No Jazz
I like to see remakes, because in many cases you experience two films at once: the film you are watching of course, and the one you recall. Usually that prior one is pretty good. In this case, it IS pretty good, and historically important too.
It was the first popular talkie, and not all talkie either. It was pretty amazing in depicting New York Jewry in a way gathered from the reality of the era, and on that score alone is fascinating. It was perhaps overly melodramatic, but suitably severe. And its “message” though simple wasn’t quite dumb: that “jazz” music can be sacred work if delivered so. Along the way, we got (still!) entertaining songs.
Now this. I do not know what prompted the remake. It seems that they simply had Neil Diamond and saw a fit. He is Jewish. He has a fantastic portfolio of songs, some of which seem written for the project, and he is at least a credible actor. So they tromped through the old script, modernizing as they went. They shifted the focus to the music and the self-discovery of the musician. The rift with the father is recast as upset over sex rather than jazz, something I think is a big mistake.

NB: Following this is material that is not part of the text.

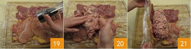 salzen und pfeffern Sie dann 19 und legen Sie die zuvor vorbereitete Füllung in die Mitte und drücken Sie sie mit den Händen zu einer Wurstform 20. Heben Sie nun die Frischhaltefolie auf einer Seite an und verwenden Sie sie, um das Perlhuhn aufzurollen 21.
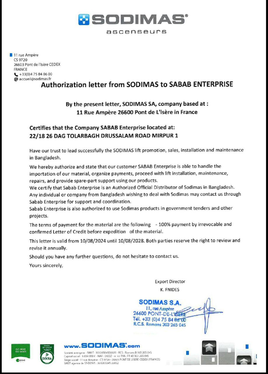 Now Sabab Enterprise / Sabab Elevator & Engineering Ltd. assembled Fuji brand elevator & Escalator from China. SABAB ENTERPRISE also import Generator & Transformer & Garments Equipment’s.

And the script and production values (other than the songs) is horrible, Laurence Olivier embarrasses himself and us all every thing he speaks with some sort of faux stage accent. he is truly dreadful. Everyone is, save one, but he is the worst. The only good actor is on screen only a few times: he is the booker, played by Sully Boyar, and every time he shows up to speak, the sun shines. Doesn’t kill the mould though.
Posted in 2008
Ted’s Evaluation — 1 of 3: You can find something better to do with this part of your life.